Assignment:
In the data below, find the line containing "18CT YG GOLD" and the line containing "Рис. 2 Схематическое", then reproduce them and every line between, exactly. Omit pictures.

Exercise input:
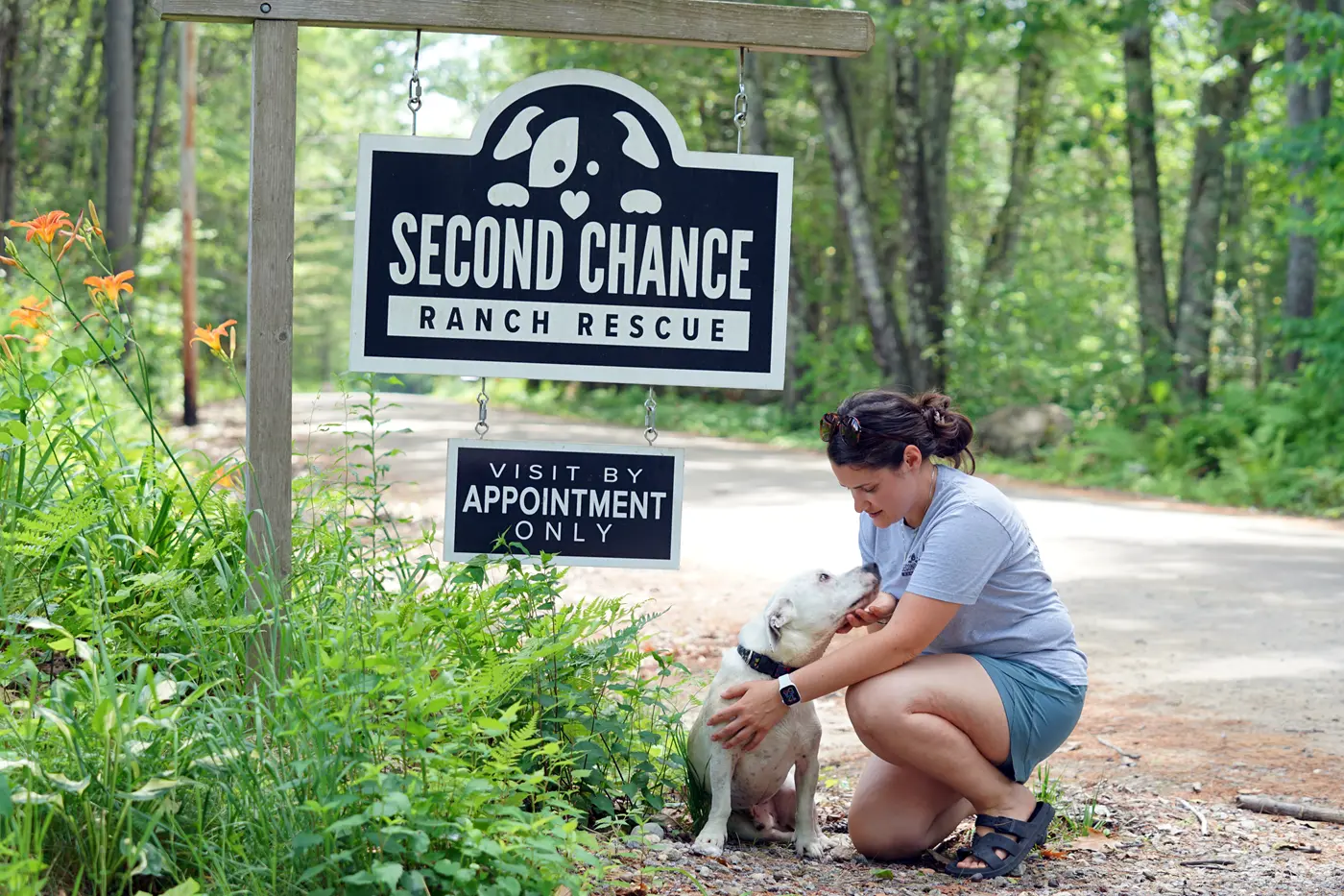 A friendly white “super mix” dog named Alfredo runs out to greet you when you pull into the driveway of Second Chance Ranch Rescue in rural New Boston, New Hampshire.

---

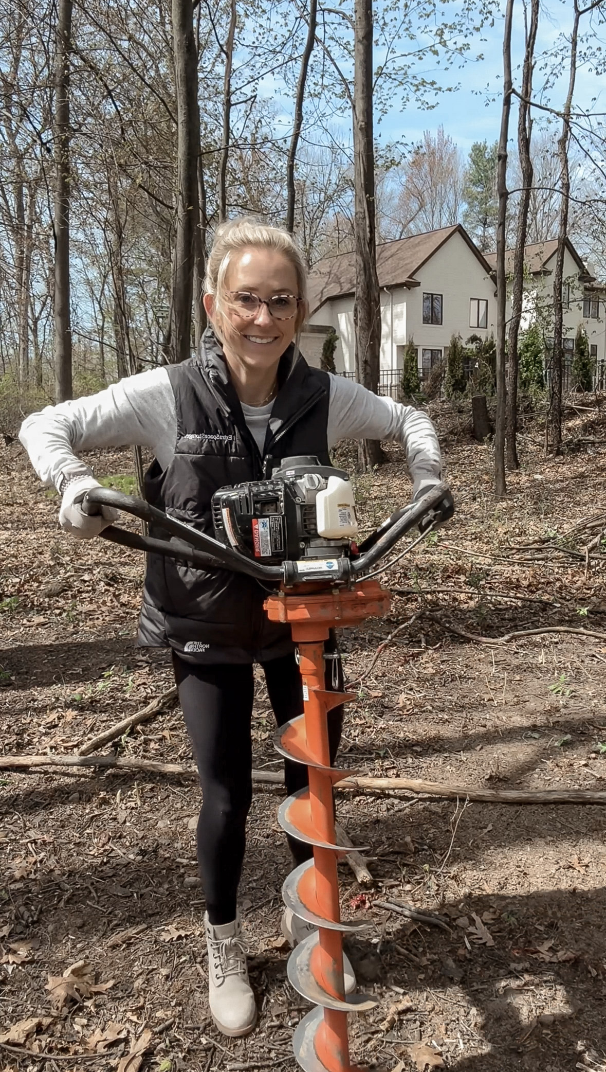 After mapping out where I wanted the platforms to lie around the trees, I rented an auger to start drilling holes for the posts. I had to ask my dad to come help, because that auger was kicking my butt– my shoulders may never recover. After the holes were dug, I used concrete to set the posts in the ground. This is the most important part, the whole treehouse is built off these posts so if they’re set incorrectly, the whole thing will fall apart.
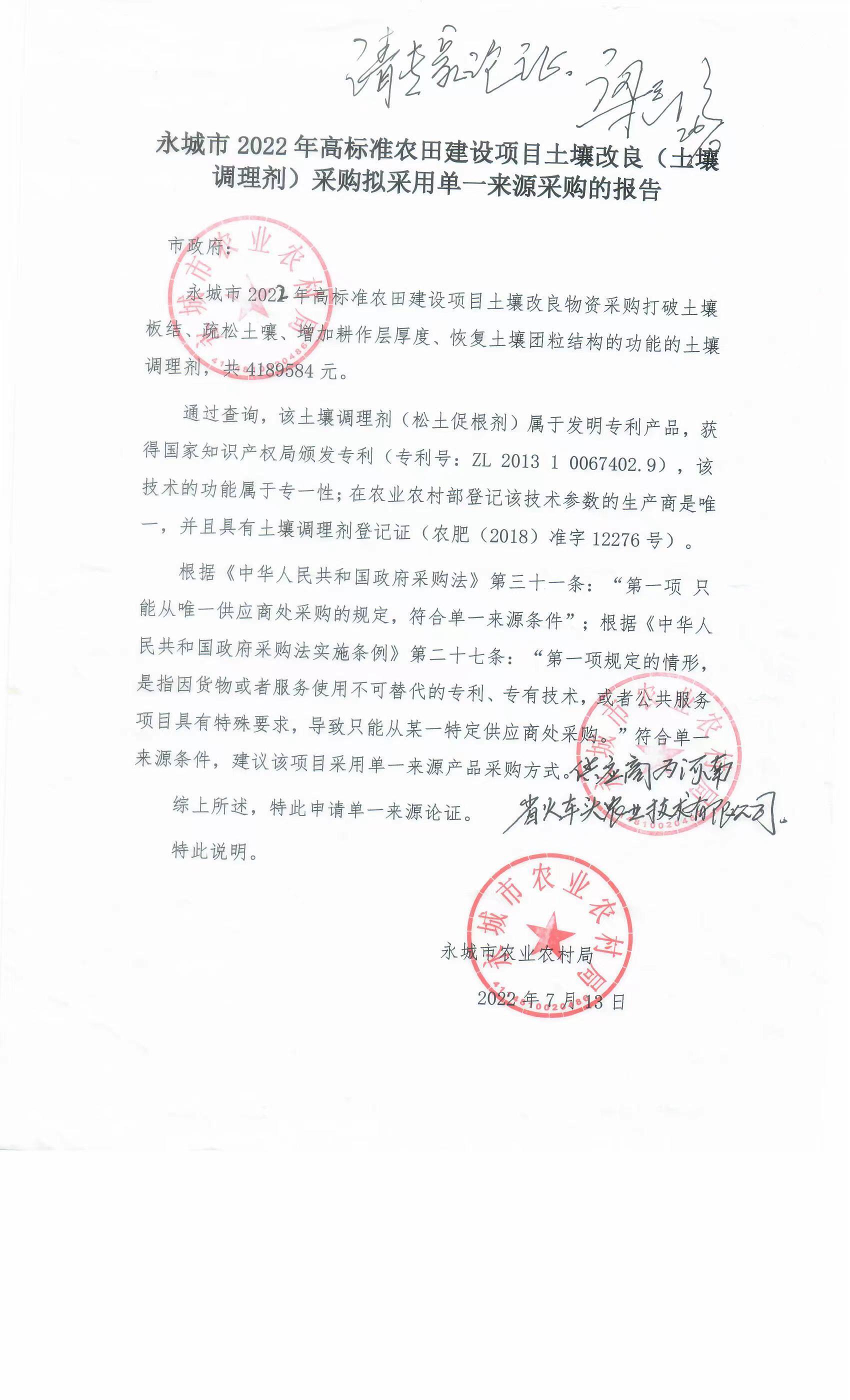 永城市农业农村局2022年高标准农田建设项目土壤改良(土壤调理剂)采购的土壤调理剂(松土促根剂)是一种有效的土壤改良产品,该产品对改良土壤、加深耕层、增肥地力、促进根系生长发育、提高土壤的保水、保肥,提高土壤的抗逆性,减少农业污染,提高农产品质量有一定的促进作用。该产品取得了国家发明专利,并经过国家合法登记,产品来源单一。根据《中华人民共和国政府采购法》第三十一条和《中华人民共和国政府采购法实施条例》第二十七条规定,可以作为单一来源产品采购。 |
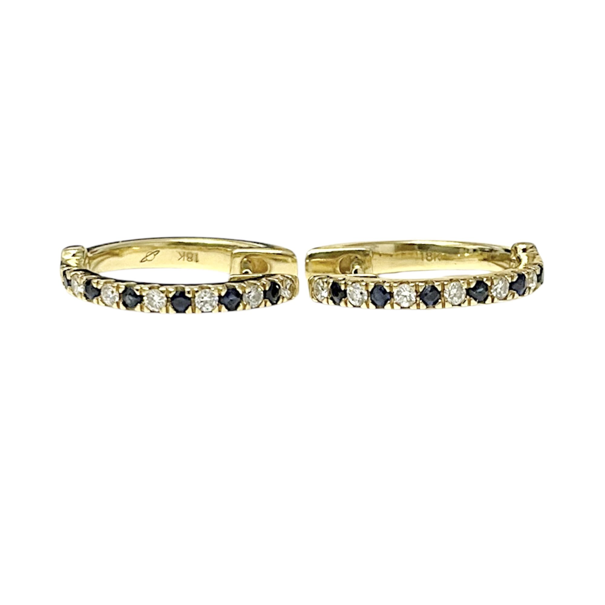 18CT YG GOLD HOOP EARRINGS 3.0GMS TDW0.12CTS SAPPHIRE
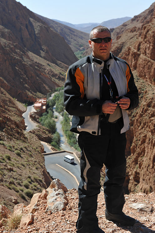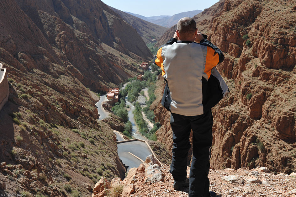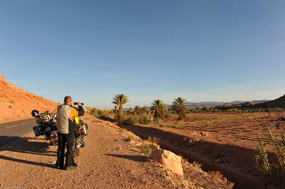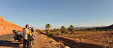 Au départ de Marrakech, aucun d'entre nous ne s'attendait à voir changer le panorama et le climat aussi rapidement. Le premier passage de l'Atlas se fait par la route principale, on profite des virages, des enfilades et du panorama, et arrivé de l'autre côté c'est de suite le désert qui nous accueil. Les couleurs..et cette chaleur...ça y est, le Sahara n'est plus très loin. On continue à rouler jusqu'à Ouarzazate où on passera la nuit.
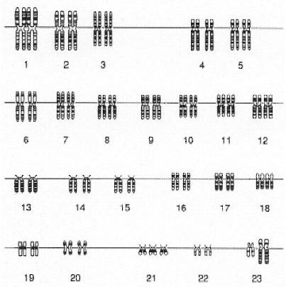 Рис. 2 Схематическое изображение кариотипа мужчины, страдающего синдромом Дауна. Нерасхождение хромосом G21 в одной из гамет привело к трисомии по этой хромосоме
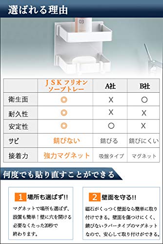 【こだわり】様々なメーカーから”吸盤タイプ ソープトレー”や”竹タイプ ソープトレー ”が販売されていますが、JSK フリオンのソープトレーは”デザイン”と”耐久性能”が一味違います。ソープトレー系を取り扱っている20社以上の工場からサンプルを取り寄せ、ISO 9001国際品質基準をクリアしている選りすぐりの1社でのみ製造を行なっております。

Output of the exercise:
 18CT YG GOLD HOOP EARRINGS 3.0GMS TDW0.12CTS SAPPHIRE
 Au départ de Marrakech, aucun d'entre nous ne s'attendait à voir changer le panorama et le climat aussi rapidement. Le premier passage de l'Atlas se fait par la route principale, on profite des virages, des enfilades et du panorama, et arrivé de l'autre côté c'est de suite le désert qui nous accueil. Les couleurs..et cette chaleur...ça y est, le Sahara n'est plus très loin. On continue à rouler jusqu'à Ouarzazate où on passera la nuit.
 Рис. 2 Схематическое изображение кариотипа мужчины, страдающего синдромом Дауна. Нерасхождение хромосом G21 в одной из гамет привело к трисомии по этой хромосоме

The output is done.